23 May 2012

Late payment funds excess working capital

British companies are delaying paying their suppliers by up to a week to help fund their working capital, according to new research from Deloitte

Yet the survey alse revealed that companies are sitting on £64bn of excess working capital, enough, if released, to help fund business growth or overcome temporary market downturns.

The trend towards late payment reflects the findings of Deloitte’s Q1 2012 survey of chief financial officers, which revealed that their key priorities were increasing cash flow and reducing costs.

The majority said that they aimed to run higher cash balances than before the financial crisis. As a result, excess working capital has risen from £59bn in 2009 to £61bn in 2010 to £64bn today.

“As the UK economy has technically entered a recession, cash and its effective use will continue to remain high on the corporate agenda,” said Andrew Harris, partner in Deloitte’s advisory development group.

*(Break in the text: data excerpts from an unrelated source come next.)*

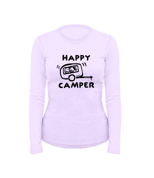 Women's cotton shirt with long sleeves for woman with design 1116 HAPPY CAMPER in color LAVENDER
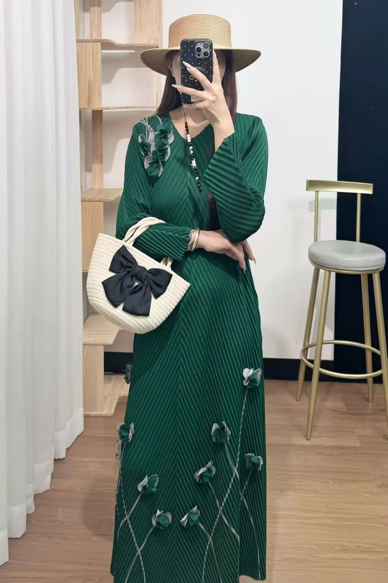 High-end Elegant Casual Plus-size Dress Manufacturer - Wholesale Round-neck Long-style Pleated Dress
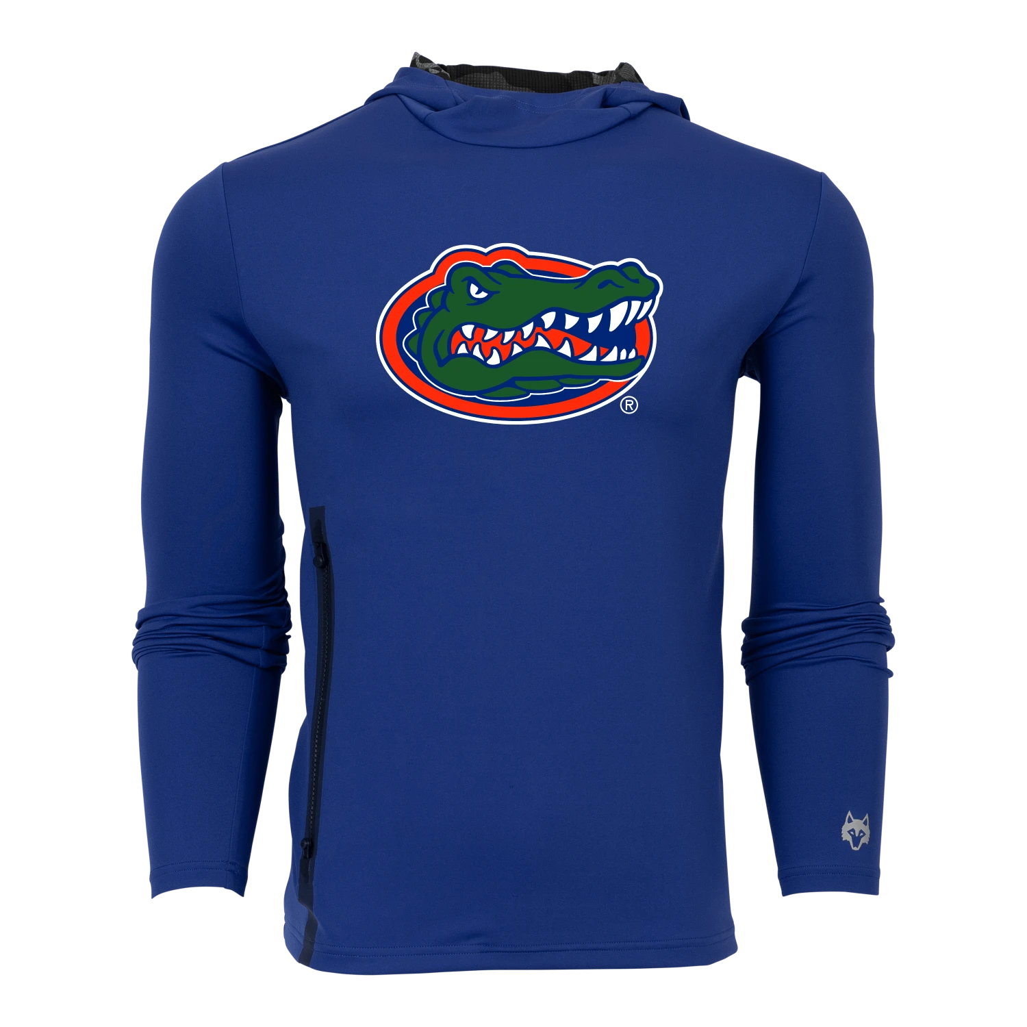 Constructed from a technical blend of nylon and elastane, the Florida Cokato Hoodie is the epitome of functional luxury. The brushback knit fabric is breathable, lightweight, and delivers a soft feel. Decorated with a perforated camo interior neck, blind seams, and an elongated utility pocket on the front right side of the garment. The hood is built as a funnel neck for warmth and style. Finished with the iconic reflective wolf on the left cuff. Decorated with Florida Gators artwork.
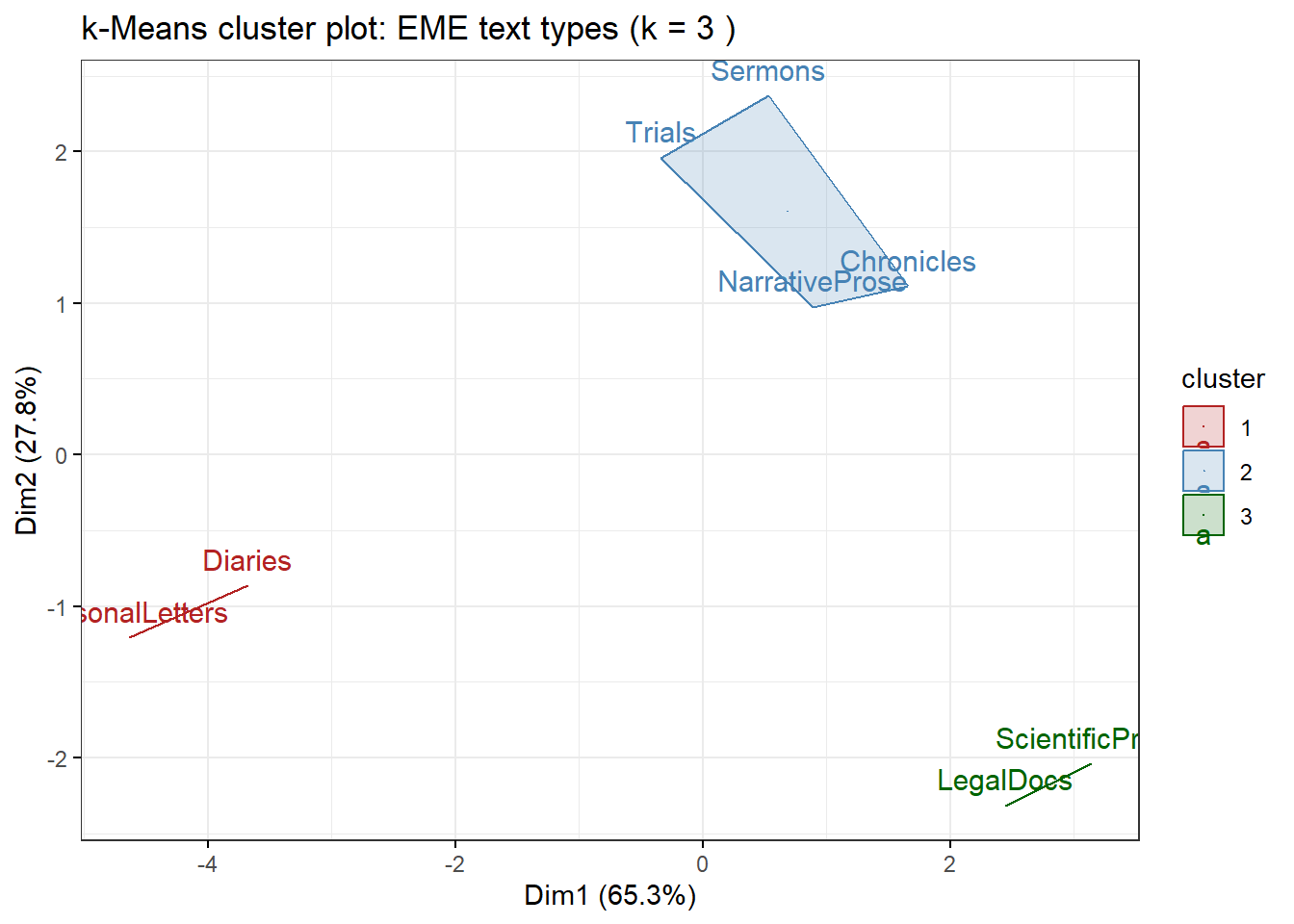 Best linguistic use case | Dialect/language typology; EME register; exploratory analysis | Large-scale text clustering; speaker segmentation; confirmation of HCA | Amplifier/collocation patterns; L2 error profiles; register × feature associations |
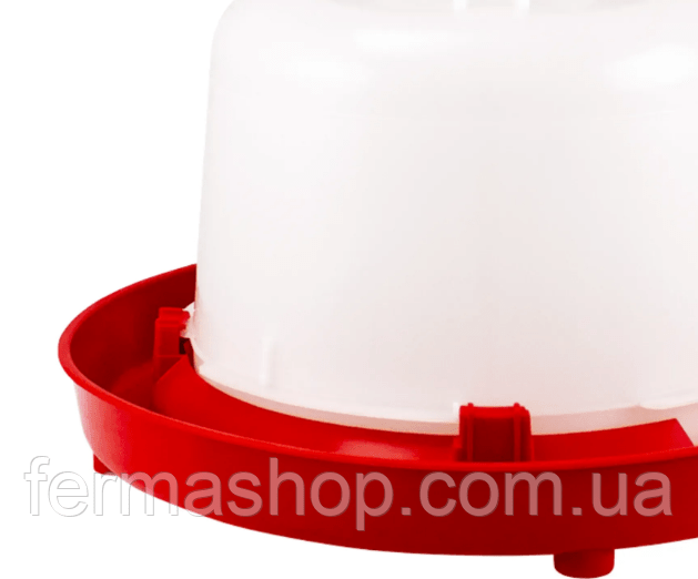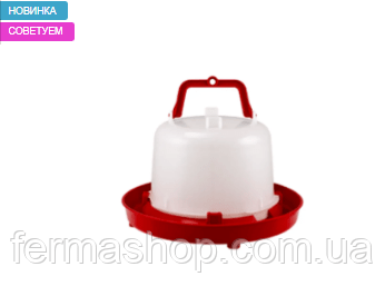 Вакуумная поилка объемом 5 литров – компактное и функциональное решение для поения птицы (кур, уток, гусей, фазанов, павлинов). Конструкция предусматривает эргономичную ручку с очком для подвешивания или переноски, а также чашу-поддон с куполом, включающий ножки или опоры для крепления ручки. После наполнения купола вода поступает через отверстие в поддон и заполняет канавку до установленного уровня – принцип вакуумного заполнения обеспечивает чистоту воды и минимизирует расход.

“To put the £64bn figure into context, this is more than enough to pay the UK government’s debt interest payments for the next 18 months. The paradox is that, with the appropriate focus, working capital can be one of the cheapest and most accessible forms of funding available to a business.”

He added that companies could release a significant amount of working capital without adversely impacting the underlying business.

The report suggests that extending the length of time companies take to pay suppliers does not make good business sense. Although delaying payments is an easy, short-term action to improve the company’s capital situation, it may create future problems with supplier relations, costs and viability.

It also runs contrary to actions in businesses in other countries where the focus has been on improvement of sustainable receivables.